In this case, our clever algorithm will be dynamic programming.

Remember that the dynamic programming approach is all about dividing the problem into subproblems. As in the stair-climbing problem, we do not jump directly into the problem of fitting the combination of the items with the maximum total value. Instead, we check for capacities less than 7, store the maximum total value up to that capacity and increase the capacity one by one.

Let’s see this on a table:


I inserted the items in non decreasing order and filled the “zeroth” column (I will implement this with arrays, that’s why there is a zeroth column) with all zeros since we cannot fit anything to the knapsack if it has zero capacity. Then, we start with only the first item with weight 1 (camera) and we increase the capacity of the knapsack one by one. For each capacity, the best (by best, I mean the maximum total value) we can do with that item is to include that item if it fits. It seems that weight 1 fits to every capacity greater than or equal to 1, so we fill the table according to that:

(the max total value we can get with the camera only)
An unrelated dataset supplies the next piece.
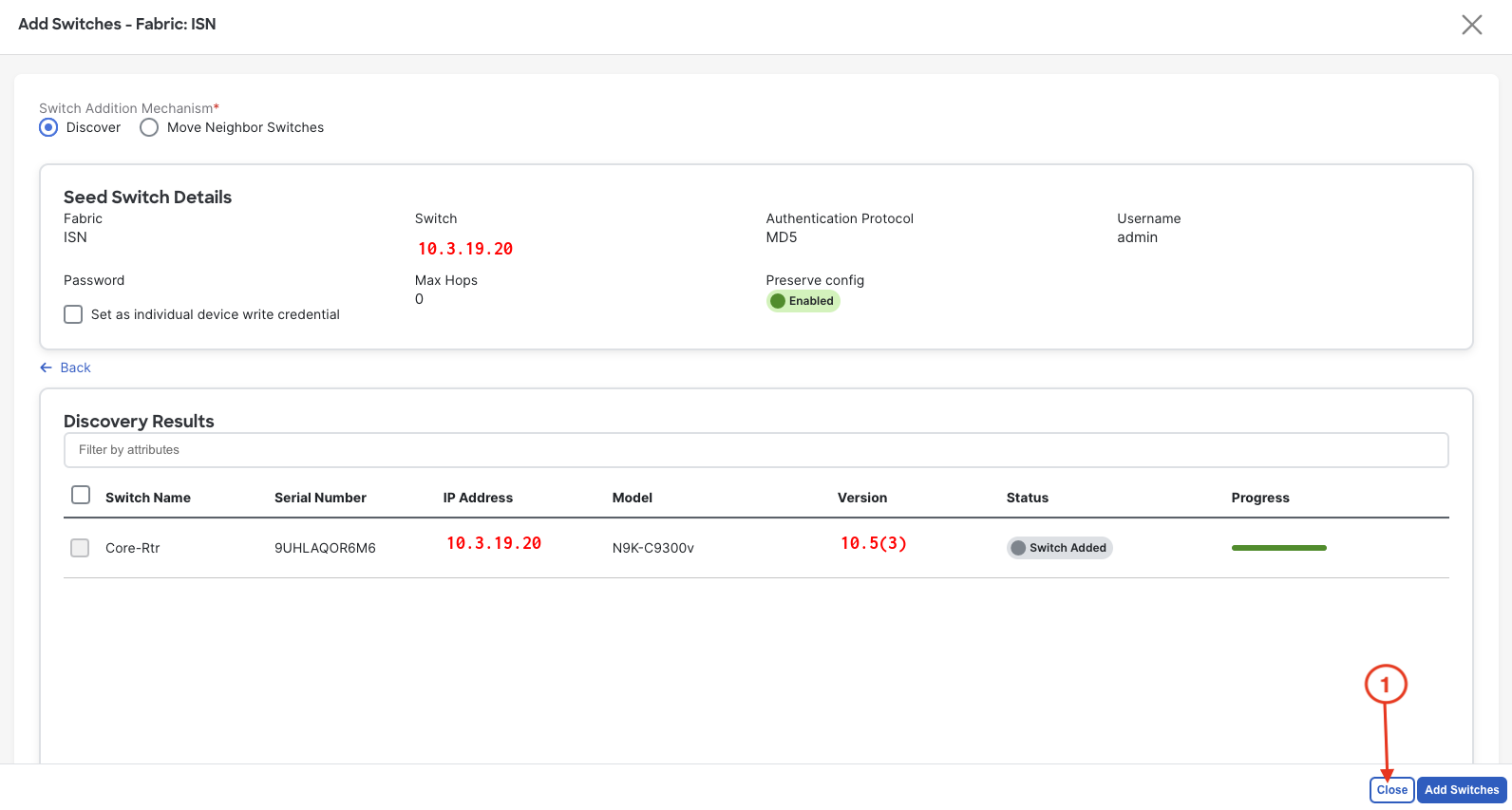 1. Once the switch shows added, click the Close button in the bottom right

Then, we consider the second item with weight 3 (laptop) together with the camera. If the capacity of the knapsack is 1 or 2, we can only fit the camera to the knapsack. If the capacity of the knapsack is 3, we can either put the camera or the laptop. We compare their values (we go one row up) and laptop turns out to cost more than the camera, so we choose the laptop. Here comes the trick for capacities bigger than 3 kg: we check for the maximum total value of the goods before adding 3 and add 3 on that value. If we are on column 4, for example, we go up and go 3 columns back and add the value of the laptop to that. If this value we have is bigger than the value when we go one row up, we write that value to that cell.
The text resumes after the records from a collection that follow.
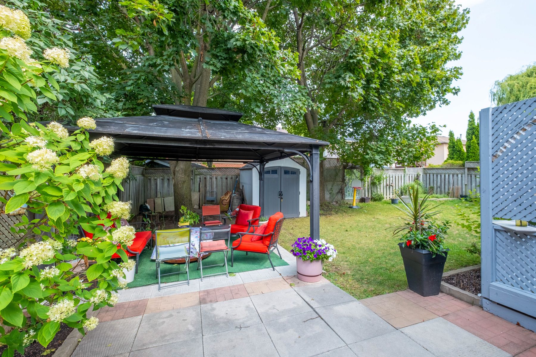 • Large private backyard, perfect for family gatherings and includes a shed.
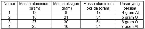 Sekarang kita lihat data pertama, ketika 13 gram aluminium direaksikan dengan 8 gram oksigen, maka akan menghasilkan 17 gram aluminium oksida dan sisa 4 gram aluminium. Artinya aluminium yang bereaksi hanya 9 gram dengan 8 gram oksigen menghasilkan 17 gram aluminium oksida. Sehingga perbandingan massa aluminium dan oksigen adalah 9 : 8.
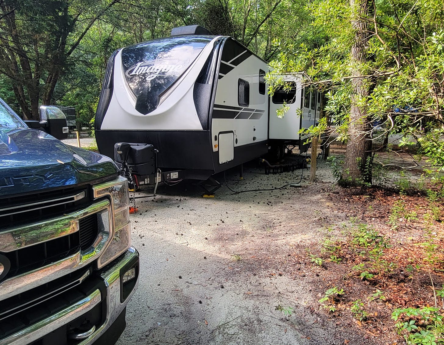 Then we packed up to go. We didn’t get the camper properly hooked up to the truck the first time and it dropped off of the truck, nearly rolling down the hill and getting caught by the two leveler blocks that we had put into place when we parked (camper mishap number four). Then, while we were dumping our wastewater, I discovered that the greywater tanks were not closed and got gross dish and bathroom sink water all over my hands and arms (camper mishap number five).

I know my attempt to explain the algorithm is very confusing, but I am sure that you will understand what I am trying to say:

we can fit the item with weight 1 only
we choose laptop over camera
we check for the maximum before adding the item with weight 3, then choose to add it or not

Next, we include the items with weights 1, 3 and 4. For the capacities less than 4, the best we can do is what we can do without including the item with weight 4 (necklace). Instead of recalculating these, we directly go up one row and write the maximum total values with just including the camera and the laptop. Then, for the capacities greater than or equal to 4, we either do not include item with weight 4 to the solution (go 1 row up and write the value 3000) or we go 4 back, one up, add necklace’s value to that value. For example, for the capacity of 4, we check for maximum total value with capacity of zero and add 4000 to it or we directly write 3000. Since 4000 is greater than 3000, we choose to write 4000.
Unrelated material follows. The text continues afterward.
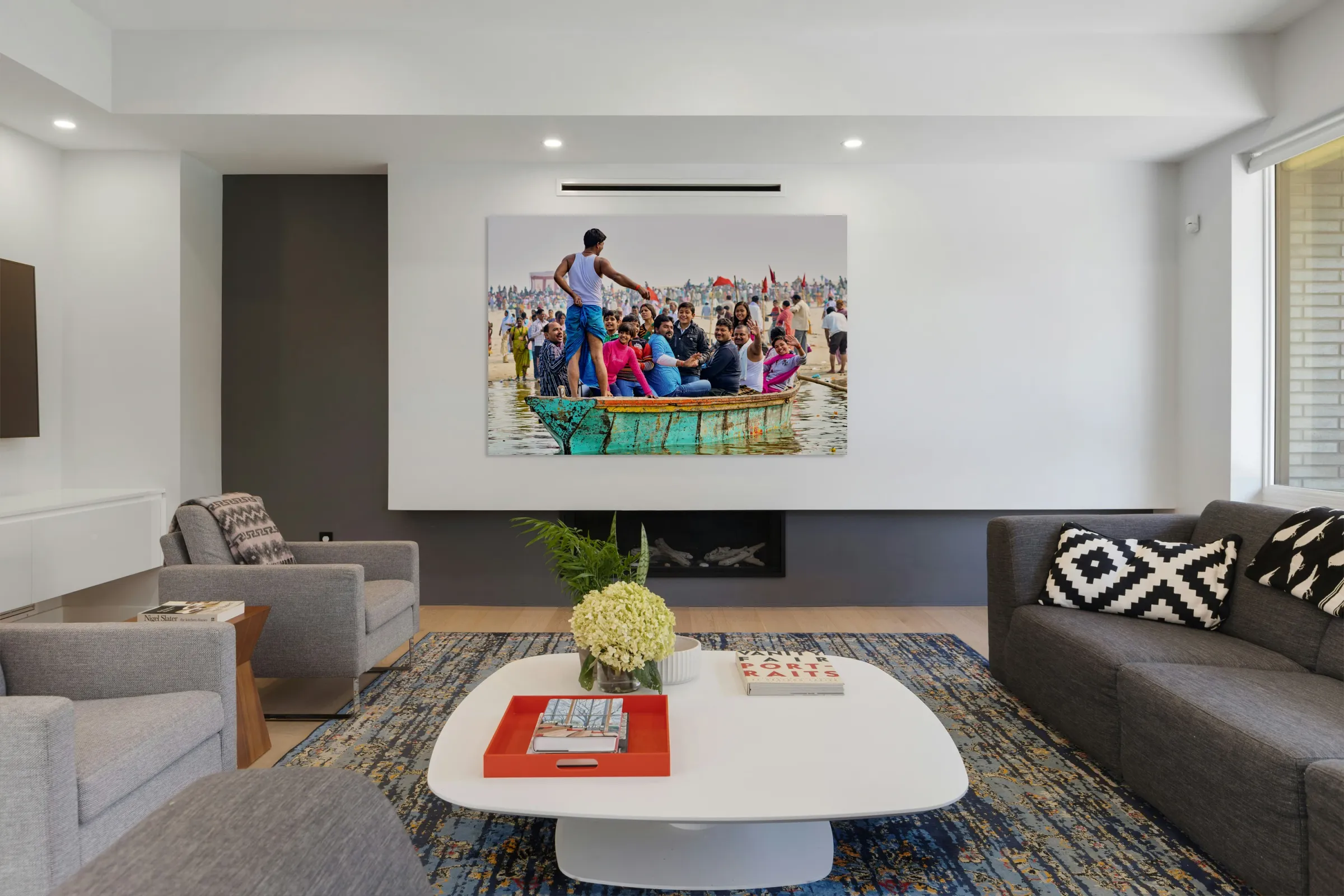 ABOUT THIS ARTWORK: PEOPLE SIT ON A BOAT ON THE GANGES RIVER

(here, blue arrow means directly including the value above. orange arrow means adding 4000 to the value that the arrow comes from)

For the final row, we apply the same steps:


Note that in the last row, we chose to include the value above the 5th column instead of including the one where we go 1 up and 5 back since 5000 is bigger than 0 + 4500 = 4500. Same goes for the 7th column: we chose 6000 over 1000 + 4500 = 5500.

The value we want to find is the value on bottom right!

From this table, we can also see that, for example, the maximum value of goods we can steal when we have a knapsack with capacity 6 is 5500, with 5 is 5000, with 4 is 4000, and so on.


Now, you may think implementation of this algorithm takes a loooooong time. Well, you will be surprised. All of the text above comes down to this formula:

i = current row/item, j = current column/capacity
if(i == 0 || j == 0) 
      TABLE[i][j] = 0  
else if (j < (i-1).weight) 
      TABLE[i][j] = TABLE[i-1][j] 
      TABLE[i][j] = max(TABLE[i-1][j], (i-1).value + TABLE[i-1][j-(i-1).weight])

(For all j, TABLE[0][j] = 0 in the above formula. I did this in order not to manually fill in the first row. That’s also why I am looking for weights and values of i-1 instead of i. I did not show this on the tables, sorry about that.)

TL;DR What we do here is for the capacities less than the weight, we check for the maximum total value we found before, without including that weight. If the capacity is greater than or equal to the weight, we either do not include the weight and directly write the maximum total value we found before that fits that capacity or we include that weight and check for the maximum value subtracting that weight from the capacity and check for the maximum value at that capacity without including that weight.

Easy, right?

Well, maybe it will be easier if you also see a full implementation (in C++ this time):

#include <iostream>
#include <utility>
using namespace std;

int capacity; int numOfItems;

//returns the max value of two integers
int max(int a, int b) { return (a > b) ? a : b; } 

int knapsack_01(pair<int, int>* items){
    int TABLE[numOfItems+1][capacity+1]; //construct the table
    for(int i=0; i<numOfItems+1; i++){
        for(int j=0; j<capacity+1; j++){
            if(i == 0 || j == 0) 
                //fill TABLE[0][j]s and TABLE[i][0]s with 0s
                TABLE[i][j] = 0;  
            else if (j < items[i-1].second)
                TABLE[i][j] = TABLE[i-1][j]; 
                TABLE[i][j] = max(TABLE[i-1][j], items[i-1].first + TABLE[i-1][j-items[i-1].second]);
    return TABLE[numOfItems][capacity];

int main(){
    capacity = 7;
    numOfItems = 4;
    //a pair holds one item
    //items[item].first = value of item, items[item].second = weight of item
    pair<int, int> items [numOfItems] = {make_pair(1000, 1), make_pair(2000, 3), make_pair(4000, 4), make_pair(4500, 5)};//array of pairs (items)
    cout << knapsack_01(items) << endl;

Aaand that’s pretty much it. If you have a computer with you while stealing (…or you can steal one from the house), you can copy and paste the code above to a C++ shell and see the result. You can always change the capacity and the items.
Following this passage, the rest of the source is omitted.